We would like to thank the Reviewers and Editor for their helpful comments and suggestions.  Please kindly find our point-by-point response in the attachment.

Author Response File: Author Response.pdf

Reviewer 4 Report

It is without question that chemotherapy-induced alopecia (CIA) constitutes a significant challenge for those undergoing cancer chemotherapy.  The Authors astutely point out that many individuals would, if given the choice, prefer to lose an appendage such as their breast over loss of hair.  Likewise, the Reviewer is positively impressed by the scope of therapeutic options well-described and presently available to address the onset and progression of CIA.  Here, however, the Reviewer finds absent a number of relevant and useful data points.    
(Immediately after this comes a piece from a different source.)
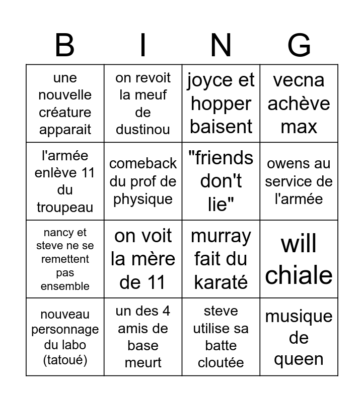 This bingo card has 16 words: un des 4 amis de base meurt, will chiale, joyce et hopper baisent, une nouvelle créature apparait, nancy et steve ne se remettent pas ensemble, on revoit la meuf de dustinou, murray fait du karaté, steve utilise sa batte cloutée, l'armée enlève 11 du troupeau, comeback du prof de physique, nouveau personnage du labo (tatoué), vecna achève max, on voit la mère de 11, owens au service de l'armée, "friends don't lie" and musique de queen.

1.  While addressing vitamin D (calciferol) the role of vitamin D receptor (VDR) has been well established and extensively studied in the hair cycle. Its deficiency is also closely linked to several types of alopecia, including alopecia areata, telogen effluvium, and androgenetic alopecia (AGA).  

 

2.  Lantanoprost (analog of prostaglandin F2α) represents a potent ornithine decarboxylase inhibitor -- contradistinct from other ameliorative agents -- the drug’s mechanism is consequential and should be noted and described in the text.  

 

3. Spironolactone, a small molecule which inhibits circulating testosterone (T) operates by occupying the androgen receptor AR and thereby displacing androgenic metabolites such as 5 alpha-dihydrotestosterone (DHT), thus limiting the potential translocation and subsequent activation within nuclear transcription DNA-binding domains.  Due to its profoundly estrogenic potential, spironolactone is not indicated for use by males.  

Each of the aforementioned should be incorporated in the body of this work.  

Author Response

We would like to thank the Reviewers and Editor for their helpful comments and suggestions.  Please kindly find our point-by-point response in the attachment.

Round 2

Reviewer 3 Report

My comments have been replied to satisfaction except the methodology of the review. The authors say in their responses to comments

"This is a systematic review of current clinical trials to prevent and treat CIA, as well as approaches that have been shown effective to treat other types of alopecia which may merit further investigation for their efficacy to prevent or treat CIA. "

However, a systematic review follows the PRISMA guidelines which is not the case here. Please clarify the methology of the review. Thanks

 

Author Response

Thank you for your comments and clarification.  I am sorry for the confusion.  Our review is not a systematic review following the PRISMA Guidelines.  It was based on a search of clinical trials on chemotherapy-induced alopecia in the clinicaltrials.gov database on Jan. 25th, 2023, all 32 of them, and a literature review of approaches that may prevent alopecia or promote hair regrowth after chemotherapy which are currently being assessed and those we think should be assessed that may benefit chemotherapy patients.